Fig. 1 is a schematic view of a semiconductor package structure according to the present invention.

Wherein, 1-Si base plate, 2-oxide layer, 3-wafer, 4-first passivation layer, 5-RDL, 6-second passivation layer, 7-Ni, 8-solder bump.

Detailed Description

Hereinafter, embodiments of the negative photosensitive resin composition, the method for producing a cured pattern, the cured product, the interlayer insulating film, the surface protective film, the electronic component, and the like of the present invention will be described in detail. The present invention is not limited to the following embodiments.

[ negative photosensitive resin composition ]

The negative photosensitive polyimide composition of the present invention comprises (a) a solubleA polymer in an aqueous alkaline solution, (b) a photopolymerization initiator, (c) a compound having a polymerizable functional group, and (d) a polymer having a functional group of-CH ₂ OR (R is a hydrogen atom OR a monovalent organic group).

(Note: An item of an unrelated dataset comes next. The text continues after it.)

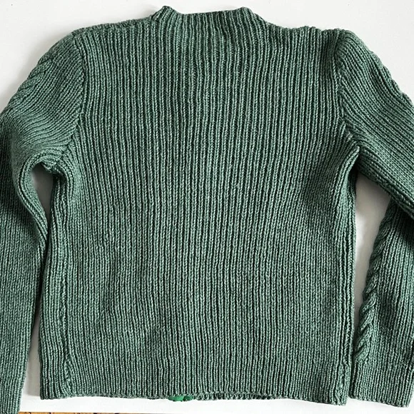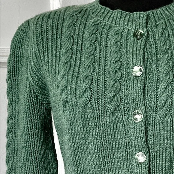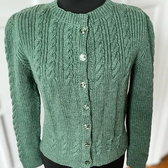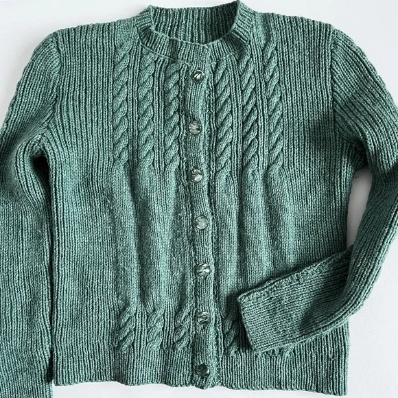 The most darling, warm wool cardigan, expertly hand knit (thus no tags) circa 1930s - 50s. Excellent condition!+ Gorgeous green, soft yarn (photos show color in different lighting)+ Thick and warm!+ Cable knit design on chest, waist and down the sleeve. + Crew neck+ Seven matching buttons down the front: round green with glossy marbelized finish (reinforced on the interior with green grosgrain ribbon). + Designed to hit at waistSIZE: No size tag, but fits sizes Small and Medium as knit allows stretch. Check actual measurements below to confirm fit. Width (laid flat, measured across):Chest: 18” pit to pit, unstreched (comfortably stretches up to 2 inches)Shoulders: 15” seam to seam, unstretchedWaist: 16” at hem, unstretched (comfortably stretches up to 2 inches)Length:20 1/8” shoulder to hem20 3/4” back of collar down Sleeves:16” inseam (from underarm)21” from shoulder seamNOTE: Unstretched measurements are more like a small, but I’m a true medium and it fits me well … would just look better on someone less long / thick waisted than me. CONDITION: Excellent with only general signs of age and/or wear such as the most minor pilling / fluff here and there.

The negative photosensitive polyimide composition of the present invention has excellent sensitivity and resolution by increasing the dissolution rate ratio (dissolution contrast) of the exposed portion of the pattern and the unexposed portion with respect to the alkaline developer.

In the case of the polymer soluble in an alkaline aqueous solution as the component (a), the main chain skeleton thereof is preferably a polyimide-based or polyoxazole-based polymer, and particularly preferably an alternating block polymer of two types of polymers, from the viewpoints of processability and heat resistance. The component (a) may be a copolymer having two or more main chain skeletons described above, or a mixture of two or more polymers.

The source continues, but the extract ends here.